[Start of Attachment]

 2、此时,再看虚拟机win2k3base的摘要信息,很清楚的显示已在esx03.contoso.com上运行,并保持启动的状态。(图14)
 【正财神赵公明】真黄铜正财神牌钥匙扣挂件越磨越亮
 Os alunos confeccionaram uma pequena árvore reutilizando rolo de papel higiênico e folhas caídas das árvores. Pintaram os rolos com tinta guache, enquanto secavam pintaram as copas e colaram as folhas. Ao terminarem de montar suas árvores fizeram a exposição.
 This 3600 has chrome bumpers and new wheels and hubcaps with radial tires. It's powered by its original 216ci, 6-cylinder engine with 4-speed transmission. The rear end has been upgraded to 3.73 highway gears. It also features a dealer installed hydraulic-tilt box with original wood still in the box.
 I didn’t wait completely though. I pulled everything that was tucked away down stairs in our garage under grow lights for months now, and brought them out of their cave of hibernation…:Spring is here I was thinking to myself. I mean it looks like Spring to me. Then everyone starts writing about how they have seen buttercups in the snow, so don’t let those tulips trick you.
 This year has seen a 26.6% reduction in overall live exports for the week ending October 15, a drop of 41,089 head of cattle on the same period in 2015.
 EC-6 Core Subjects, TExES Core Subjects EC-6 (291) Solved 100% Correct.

[End of Attachment]
[Start of Attachment]

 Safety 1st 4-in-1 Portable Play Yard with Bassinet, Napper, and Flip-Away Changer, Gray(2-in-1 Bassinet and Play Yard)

[End of Attachment]
[Start of Attachment]

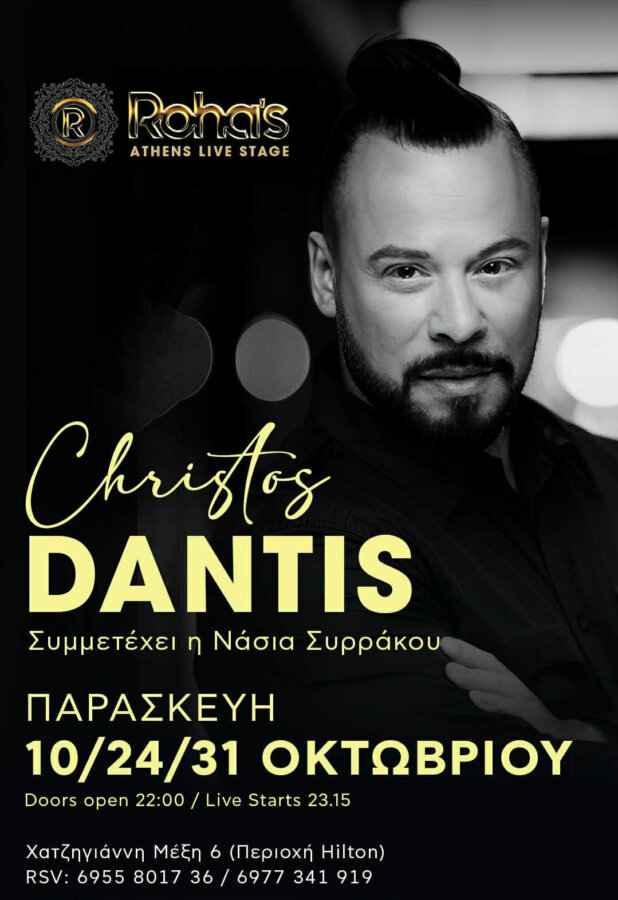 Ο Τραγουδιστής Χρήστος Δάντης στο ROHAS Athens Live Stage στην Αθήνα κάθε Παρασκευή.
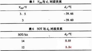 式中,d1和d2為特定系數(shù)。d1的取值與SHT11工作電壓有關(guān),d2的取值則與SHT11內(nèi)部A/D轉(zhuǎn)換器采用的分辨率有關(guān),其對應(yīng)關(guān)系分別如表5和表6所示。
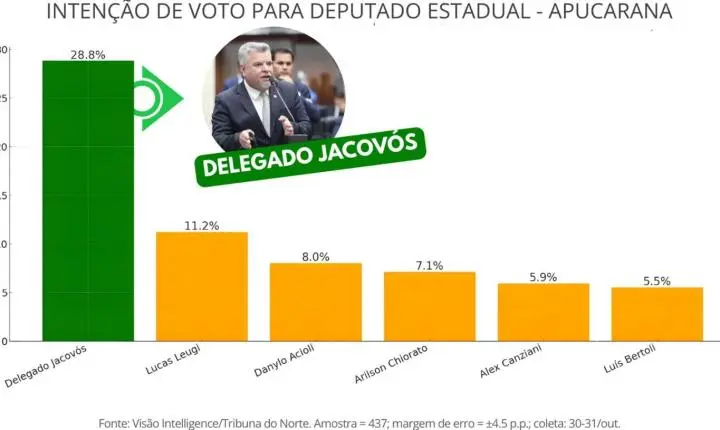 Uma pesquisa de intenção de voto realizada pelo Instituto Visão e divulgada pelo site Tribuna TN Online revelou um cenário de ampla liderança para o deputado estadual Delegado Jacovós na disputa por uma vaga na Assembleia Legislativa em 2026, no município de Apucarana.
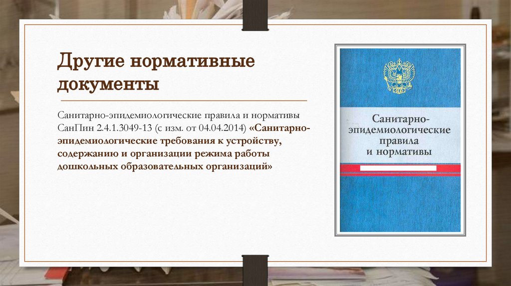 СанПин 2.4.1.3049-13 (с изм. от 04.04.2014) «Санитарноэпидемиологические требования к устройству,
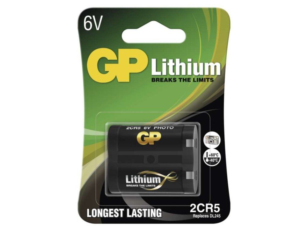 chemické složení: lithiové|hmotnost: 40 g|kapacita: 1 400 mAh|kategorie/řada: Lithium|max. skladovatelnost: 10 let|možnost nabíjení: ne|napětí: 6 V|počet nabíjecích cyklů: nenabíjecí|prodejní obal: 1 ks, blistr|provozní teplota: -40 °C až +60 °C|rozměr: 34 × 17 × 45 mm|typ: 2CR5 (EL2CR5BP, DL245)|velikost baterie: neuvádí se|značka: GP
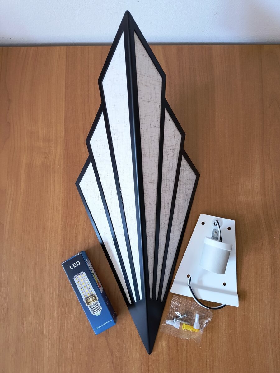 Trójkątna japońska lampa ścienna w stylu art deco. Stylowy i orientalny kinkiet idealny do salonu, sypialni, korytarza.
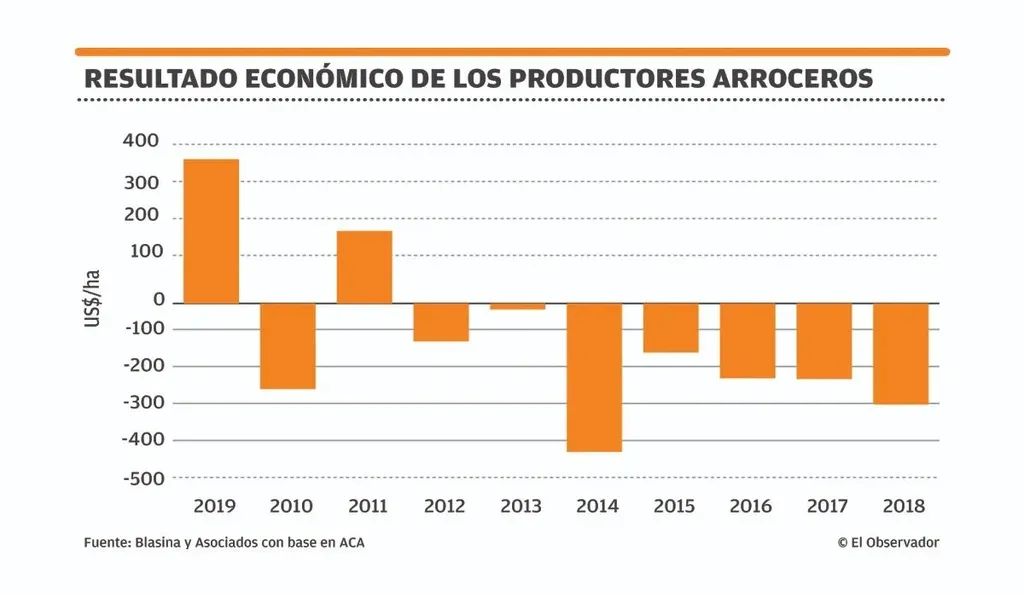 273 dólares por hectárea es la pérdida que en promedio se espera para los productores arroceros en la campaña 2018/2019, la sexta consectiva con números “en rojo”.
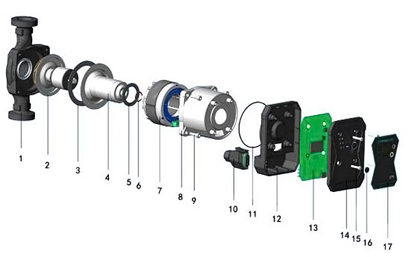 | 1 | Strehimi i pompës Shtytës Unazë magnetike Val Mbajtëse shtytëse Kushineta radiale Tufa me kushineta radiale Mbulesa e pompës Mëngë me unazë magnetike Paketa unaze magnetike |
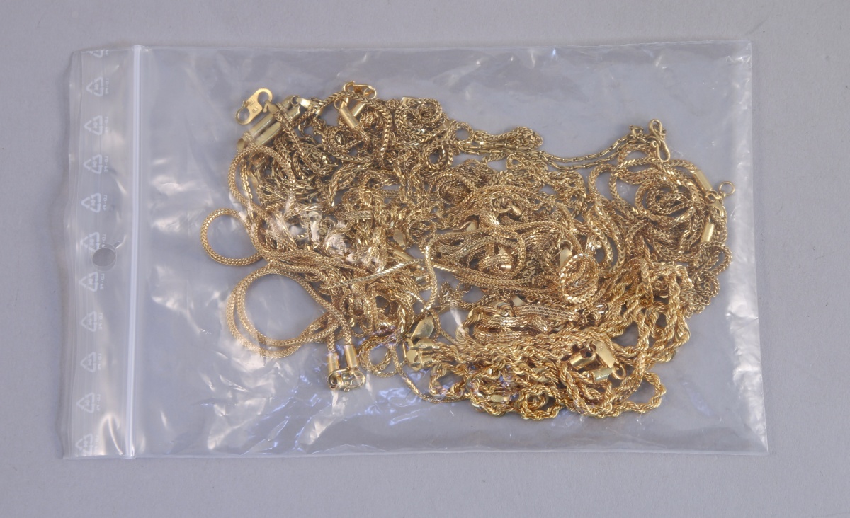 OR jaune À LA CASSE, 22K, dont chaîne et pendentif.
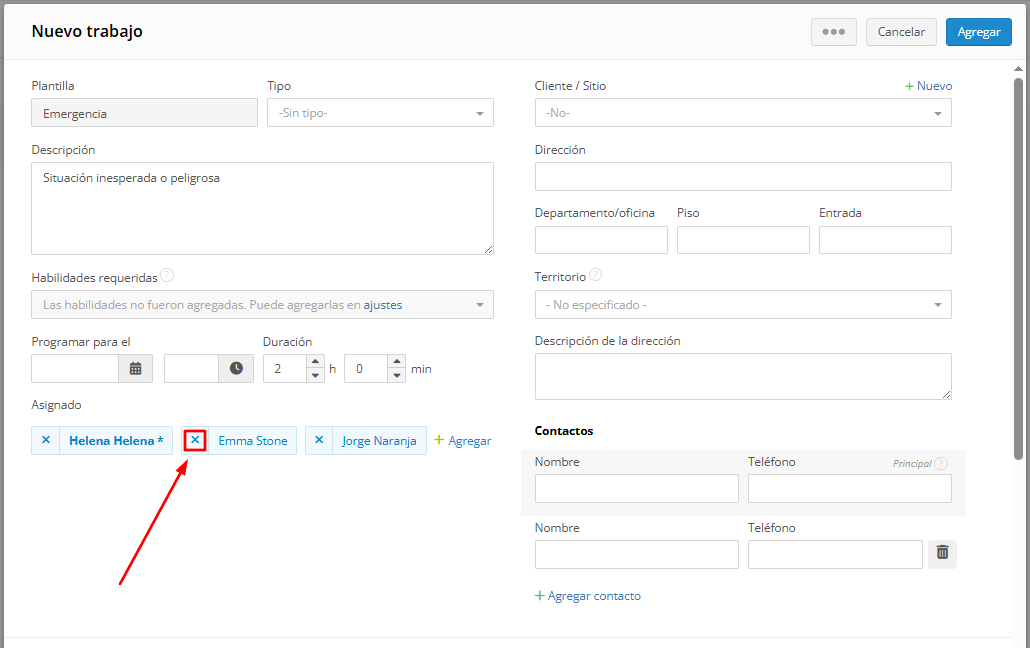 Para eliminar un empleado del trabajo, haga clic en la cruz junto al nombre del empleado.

[End of Attachment]

◆ **Exercise**
Could you set down, exactly as written, the lines above between the one holding "2、此时,再看虚拟机win2" and the one holding "EC-6 Core Subjects, TExES", inclusive, and nothing more?

◆ **Task answer**
 2、此时,再看虚拟机win2k3base的摘要信息,很清楚的显示已在esx03.contoso.com上运行,并保持启动的状态。(图14)
 【正财神赵公明】真黄铜正财神牌钥匙扣挂件越磨越亮
 Os alunos confeccionaram uma pequena árvore reutilizando rolo de papel higiênico e folhas caídas das árvores. Pintaram os rolos com tinta guache, enquanto secavam pintaram as copas e colaram as folhas. Ao terminarem de montar suas árvores fizeram a exposição.
 This 3600 has chrome bumpers and new wheels and hubcaps with radial tires. It's powered by its original 216ci, 6-cylinder engine with 4-speed transmission. The rear end has been upgraded to 3.73 highway gears. It also features a dealer installed hydraulic-tilt box with original wood still in the box.
 I didn’t wait completely though. I pulled everything that was tucked away down stairs in our garage under grow lights for months now, and brought them out of their cave of hibernation…:Spring is here I was thinking to myself. I mean it looks like Spring to me. Then everyone starts writing about how they have seen buttercups in the snow, so don’t let those tulips trick you.
 This year has seen a 26.6% reduction in overall live exports for the week ending October 15, a drop of 41,089 head of cattle on the same period in 2015.
 EC-6 Core Subjects, TExES Core Subjects EC-6 (291) Solved 100% Correct.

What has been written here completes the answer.